Newer graph-based platforms like Flow Engineering are finding purchase specifically because their underlying data model accommodates the assumption-to-requirement linkage that fusion programs need. When a physics assumption is a first-class node in the requirements graph — connected to the requirements it generates, the experiments that validate it, and the designs that depend on it — the impact of experimental results on the engineering baseline can be assessed automatically rather than manually. For a program where experimental campaigns should drive engineering decisions on a cadence of weeks rather than quarters, that architecture matters operationally. The tradeoff is a lighter integration ecosystem compared to tools with decades of aerospace deployment — a real consideration for programs that need to exchange data with national laboratory partners using legacy infrastructure.

What Good Systems Engineering Looks Like in This Context

The private fusion companies making genuine systems engineering progress share a few practices that distinguish them from those producing engineering documentation that doesn’t connect to physics reality.

They treat experimental campaigns as requirements-generating events with formal outputs. Each campaign has a defined set of questions it will answer, a set of assumptions it will validate or invalidate, and a process for translating results into requirement changes within a defined window. This is not how national laboratory programs have historically operated — experimental results inform future experiments, not downstream engineering — but it is how a commercial program on a timeline must operate.

They maintain explicit uncertainty budgets at the system level. Not all requirements uncertainty is equal. Uncertainty in plasma confinement quality propagates differently than uncertainty in tritium breeding ratio, which propagates differently than uncertainty in heat exchanger performance. Programs that have quantified which uncertainties matter most to system-level performance — and are directing experimental and modeling effort accordingly — are making better engineering decisions than those treating all open questions as equally urgent.

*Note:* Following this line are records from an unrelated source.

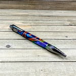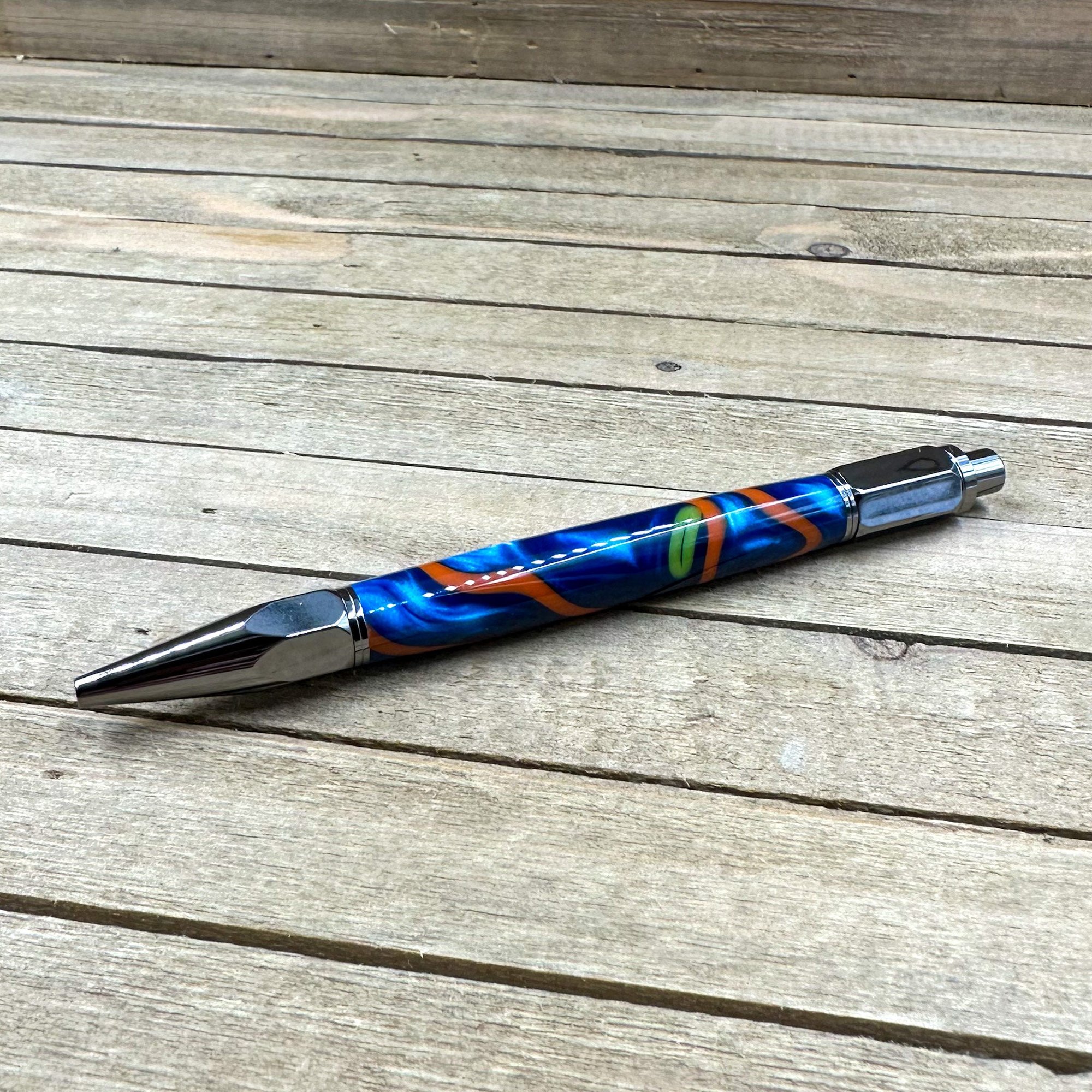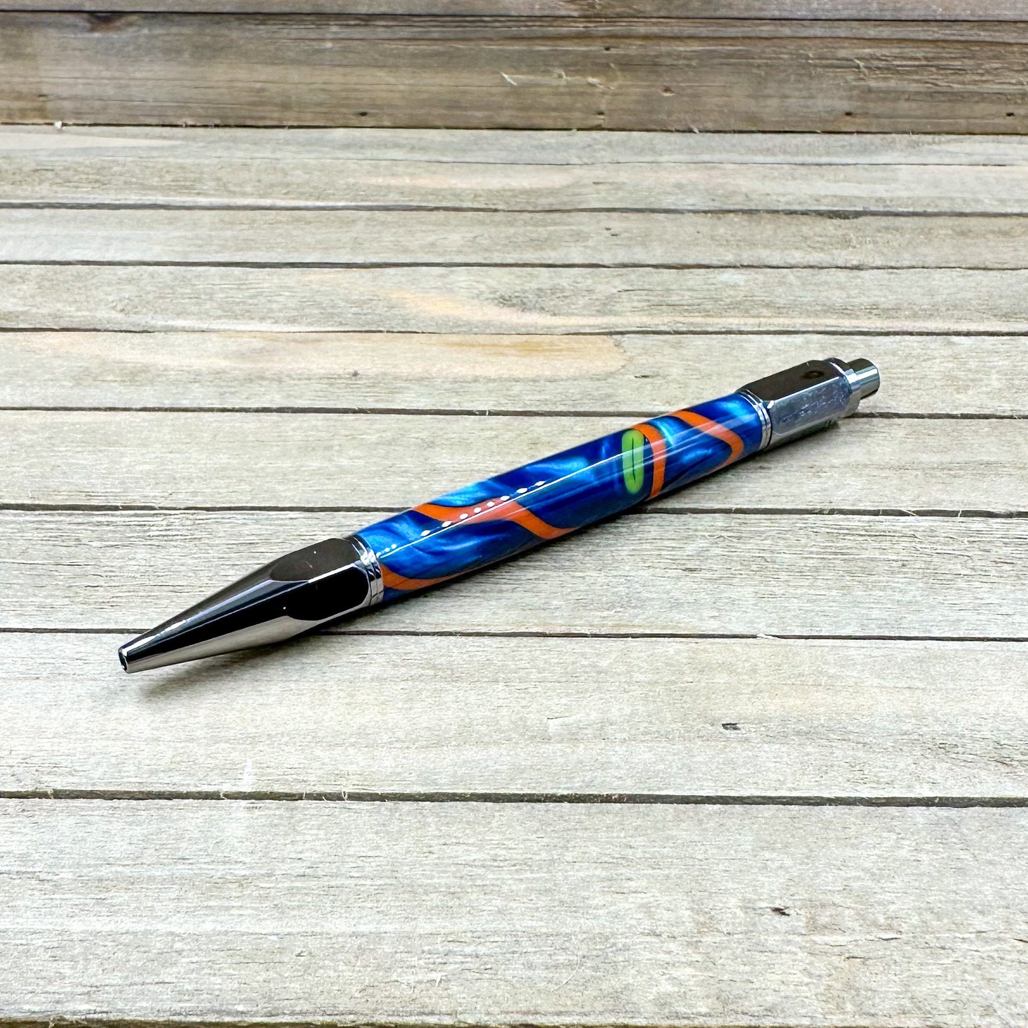 Bring bold color and precision craftsmanship to your everyday writing with this handcrafted Vertex-style ballpoint pen. Featuring a stunning blend of blue, red, and green resin, this pen catches the light beautifully and feels as good as it looks.
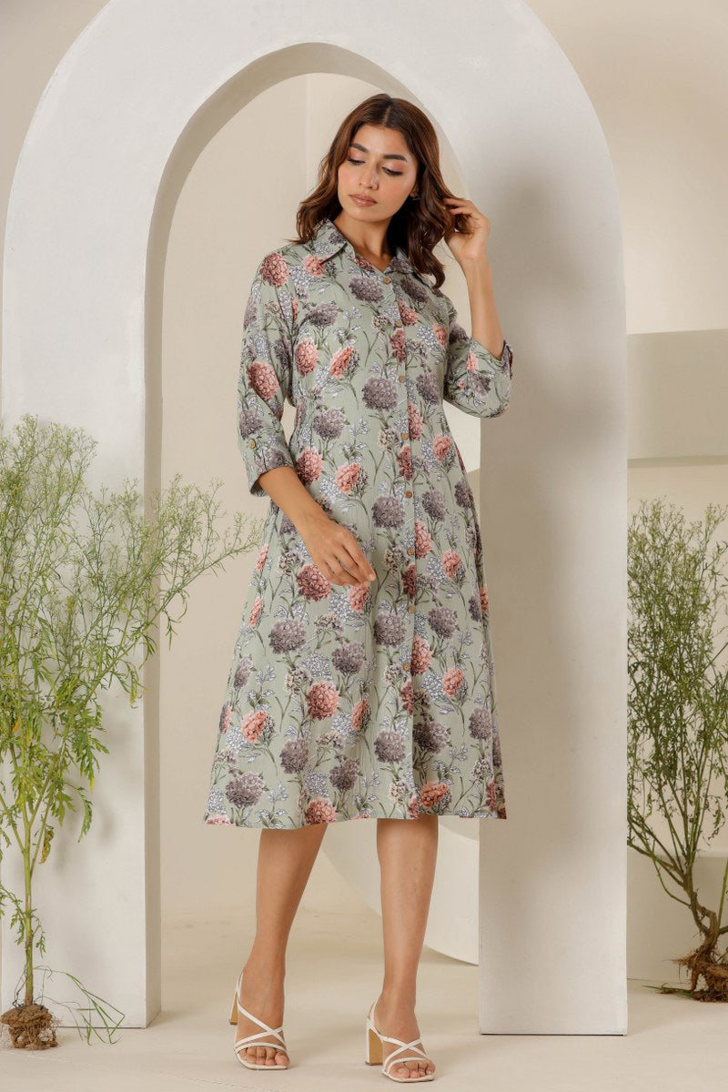 Bring a fresh and elegant vibe to your wardrobe with this sage green floral printed shirt midi dress. Featuring a classic shirt collar, button-down front, and 3/4th sleeves, this dress offers a sophisticated yet comfortable fit. The delicate floral patterns in pink and grey tones add a touch of femininity, making it perfect for brunches, casual outings, or semi-formal events. Style it with strappy heels or flats for a complete look.
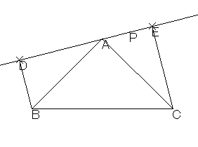 頂点 A を通る直線があり, B, C から直線への垂線の足をそれぞれ D,E とする。
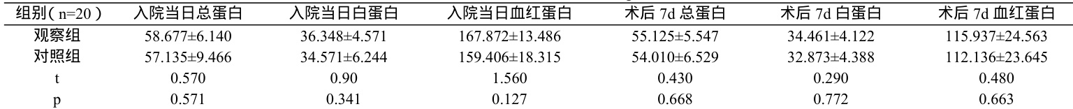 表2 术后营养情况(
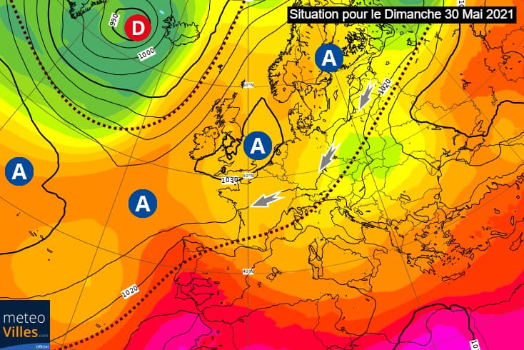 Après nous avoir boudé pendant de longues semaines, l'anticyclone est en train de faire son grand retour. D'ici le week-end des 29 et 30 mai 2021, une barrière de hautes pressions va se constituer entre les Açores et la Scandinavie avec des pressions proches de 1030 hPa vers l'Angleterre et la Mer du Nord. La France va donc bénéficier du retour d'un temps stable, sous l'influence d'un flux continental plus sec.
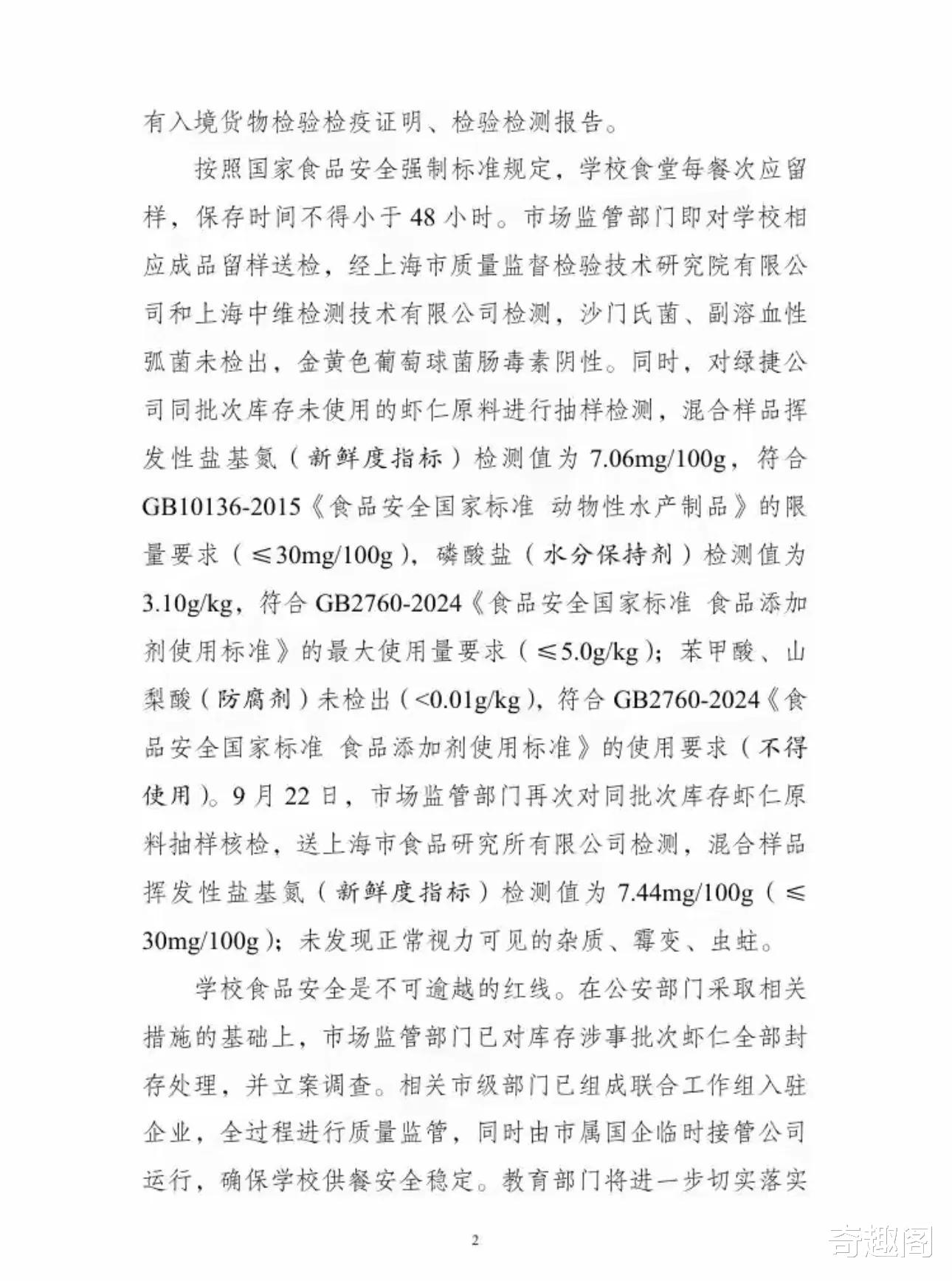 我们细看这份调查结果,除了有涉嫌隐瞒,好像也没有什么过分的问题。虾仁留样批次检测、新鲜度指标、水分保持剂指标、防腐剂等指标皆符合国家标准。二次复检也未发现杂质、霉变或虫蛀。目前市属国企已临时接管绿捷,确保校园供餐稳定。
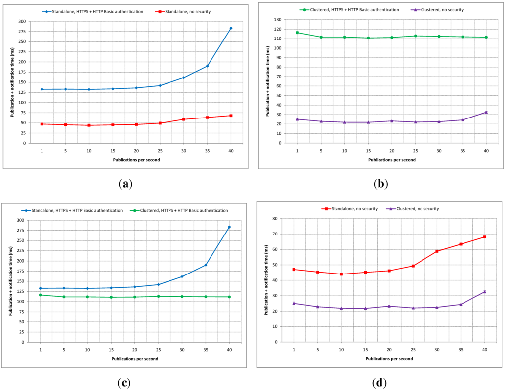 Four experiments were conducted in this category. All variables are fixed, except the publication rates of the information provider application, which were varied between one and 40 publications per second, and all publication and notification messages contain only one parameter. The first experiment applied the security measures (i.e., HTTPS and HTTP basic authentication) in a standalone IIP set-up, while the second experiment did not incorporate any security mechanism, also in a standalone set-up. The third and fourth experiments were conducted in a clustered IIP set-up, where security was applied in the third experiment and was ignored in the fourth experiment. Each measurement in all experiments lasted five minutes, generating 300 to 12,000 data messages (depending on the publication rate). Each measurement was performed three times to ensure data consistency, and the first 1% of the captured data is removed from every measurement to avoid the start-up effect of the application servers in serving incoming requests. All measurement data were averaged and plotted alongside confidence intervals at the 95% confidence level.
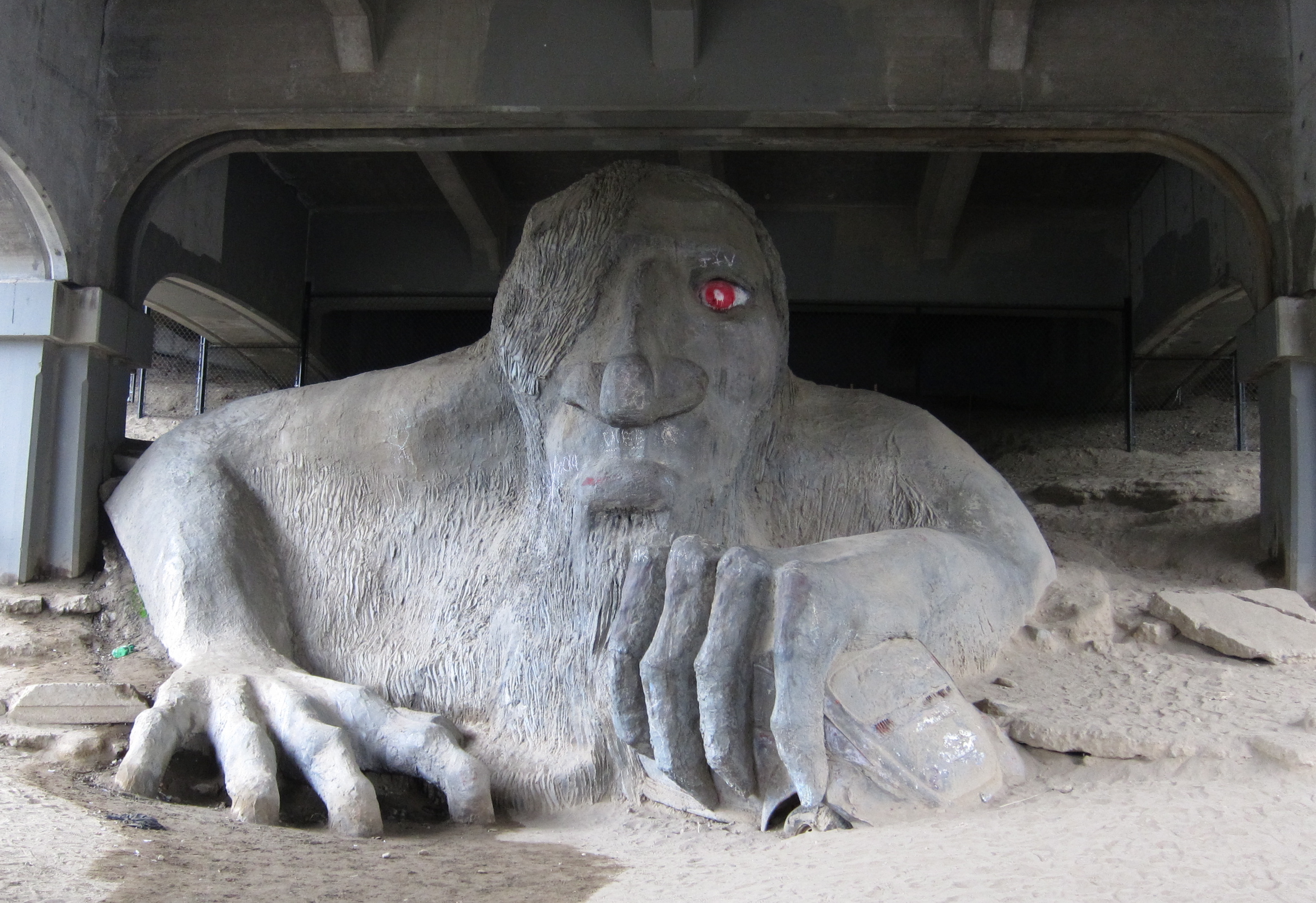 Theo is in Fremont, near the Fremont Troll, an art (?) project under the Aurora Avenue Overpass. Built in 1989 it’s the same age as our niece Meghan, but Meghan is holding up a lot better! (Happy Birthday, Meghan!)
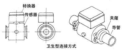 夾裝連接時(shí)近年發(fā)展的連接方式,傳感器本身無(wú)法蘭,以較長(zhǎng)的螺栓夾持在管道兩法蘭之間接入管系。本方式傳感器體積小重量輕,對(duì)于不同壓力規(guī)范和標(biāo)準(zhǔn)管系法蘭孔距適應(yīng)性強(qiáng);但只適用于較小管徑(200mm一下),承受液體工作壓力較低。
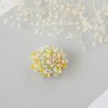 つまみ細工には花柄のデザインペーパー使っており、花の彩りがランダムに散りばめられています。さらに、花の中心の小さな樹脂パールがキラッと優しく光り、明るく可憐な雰囲気がとっても可愛らしいデザインです。
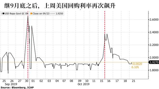 9月下旬,美国回购利率飙升,美联储向金融体系注入了大量的资金,并开始每月购买至多600亿美元的美国国库券,以缓解庞大的回购市场压力。然而,在美联储投放了大量资金后,美国货币市场流动性紧缺的问题似乎并没有彻底解决。上周,美国回购利率又飙升了。
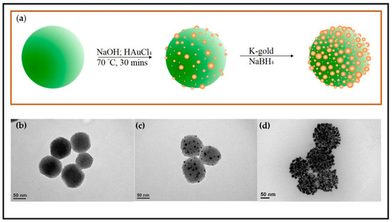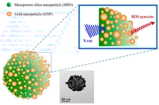 30]. MSNs were selected as the template for gold deposition due to several advantages, including their ease of functionalization, controllable size, and good biocompatibility. Prior to the incorporation of gold on the MSNs surface, functionalization with APTES was performed to obtain a NH
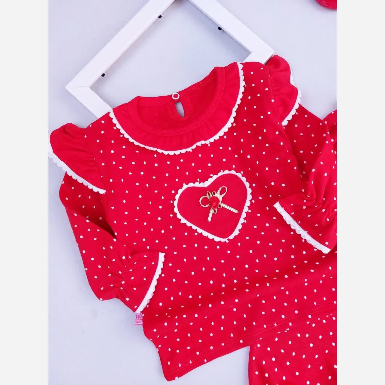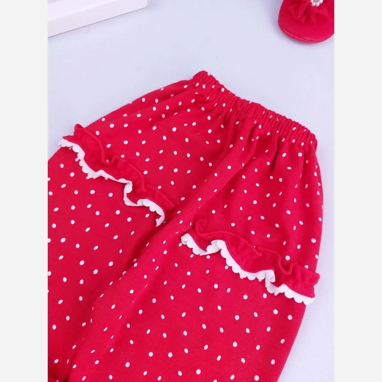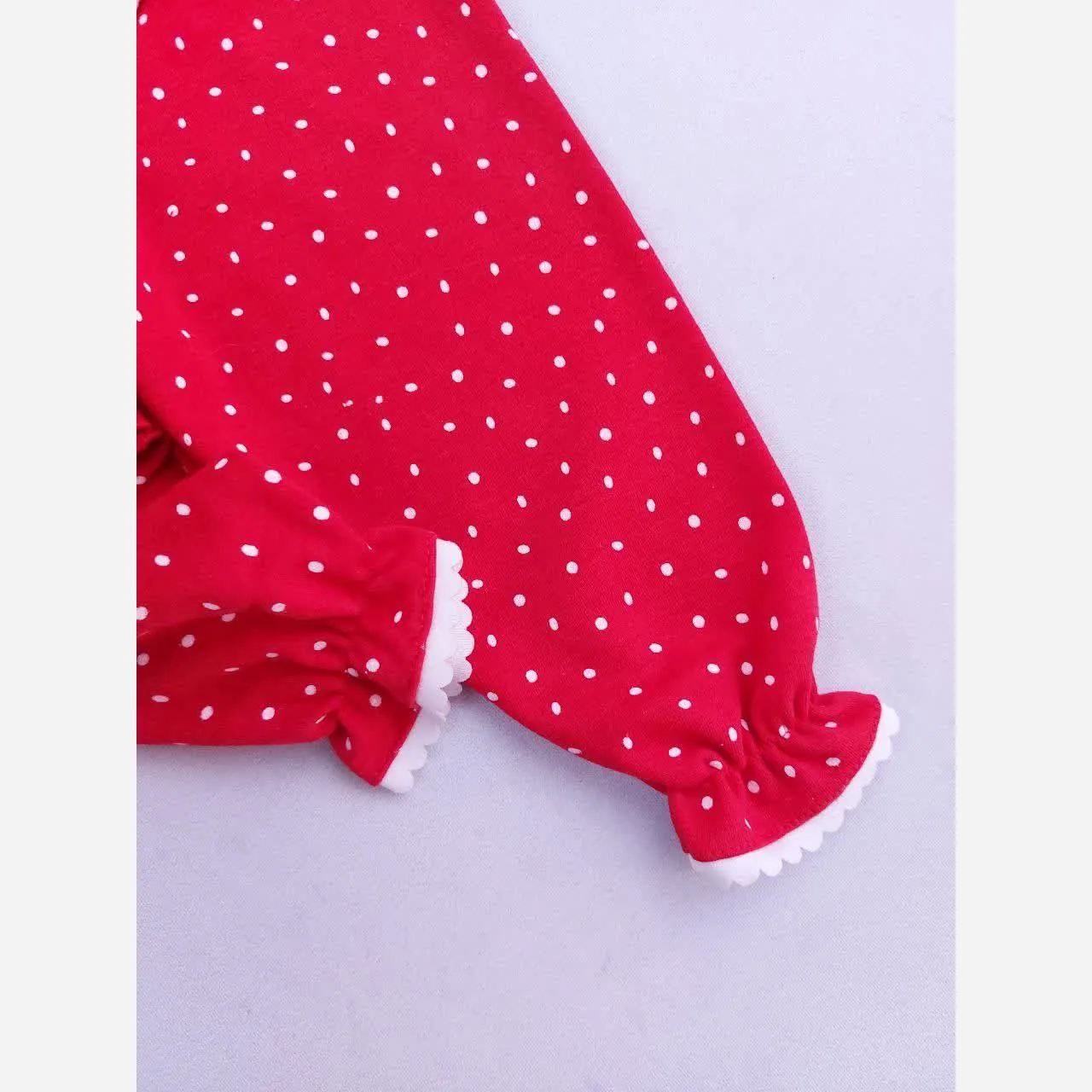 **بلوز شلوار نوزادی دخترانه طرح خالدار قرمز یلدایی - راحتی و زیبایی برای کوچولوهای شما**
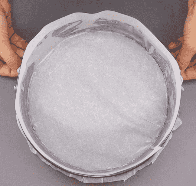 Беремо форму на 20 см. У мене роз’ємна, тому дно вистелюю папером і фіксую її бічною панеллю, а боки форми змащую вершковим маслом і лише потім теж застеляю папером, вирізаним за розміром.
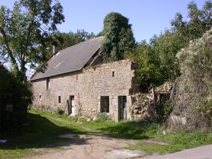 Pen Inez, ferme repérée : logis-étable à deux portes (logis en partie ruiné) avec puits intégré dans le mur du logis, limite 17e siècle 18e siècle, vue générale sud-est. XA 231Immatriculation
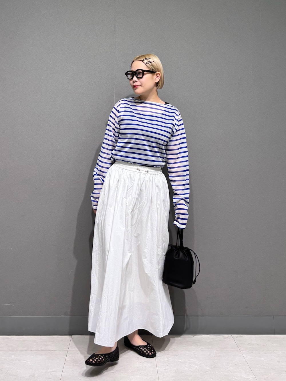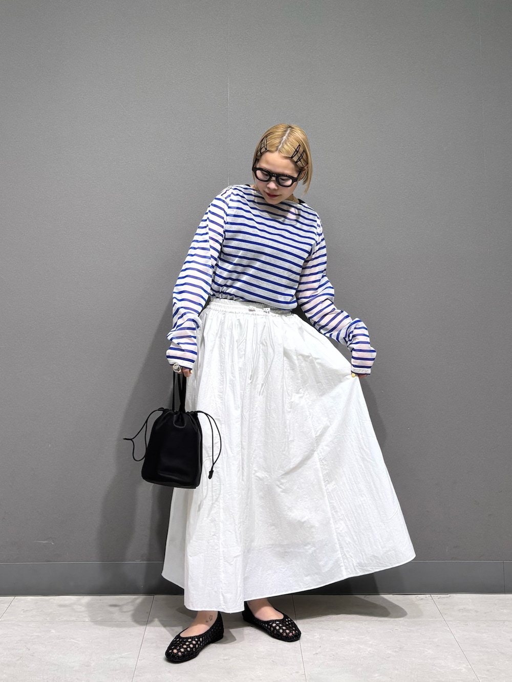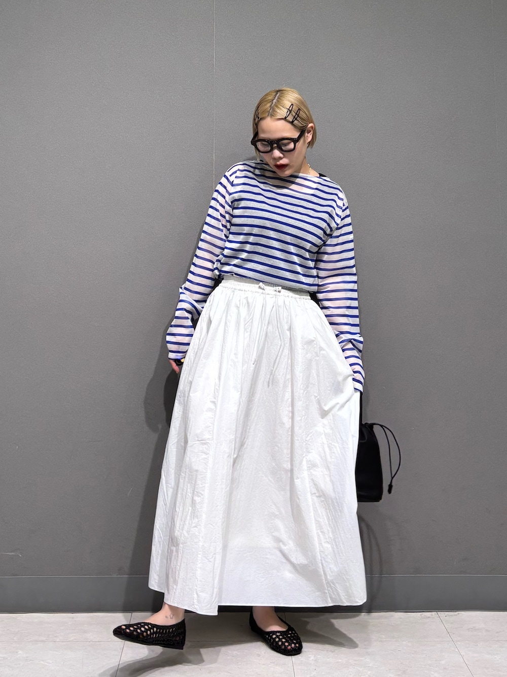 シアーボーダーに白のナイロンスカート、

They staff systems engineers who understand plasma physics, not just systems engineering methodology. The boundary between physics and engineering in a fusion program is not a clean interface that can be managed through formal exchange. It requires engineers who can read experimental results and make independent judgment about their requirements implications, rather than waiting for physicists to translate results into engineering language.

An Honest Assessment

Private fusion companies are attempting something that is genuinely unprecedented in commercial engineering, and their systems engineering practices reflect that reality — some admirably adaptive, some carrying aerospace assumptions that don’t belong in this problem space.

The companies most likely to succeed are not those with the most rigorous adherence to established MBSE methods. They are those that have identified which parts of the aerospace and defense toolkit actually fit their problem, adapted those parts deliberately, and developed new practices for the parts — requirements volatility, assumption management, regulatory co-development — where no established method exists.

The playbook for building a commercial fusion power plant is being written right now, by the teams building the machines. Whether the systems engineering methods they’re developing will become the foundation of a new industrial sector, or will be artifacts of programs that didn’t make it, depends partly on the physics and partly on how well those teams manage the extraordinary complexity of doing first-principles engineering on a commercial clock.

The honest answer is that nobody knows yet. But the engineering choices being made right now — how requirements are structured, how traceability is maintained, how physics uncertainty is propagated into design decisions — will determine whether these programs remain coherent as the physics resolves, or fracture under the weight of assumptions that weren’t tracked carefully enough to revise.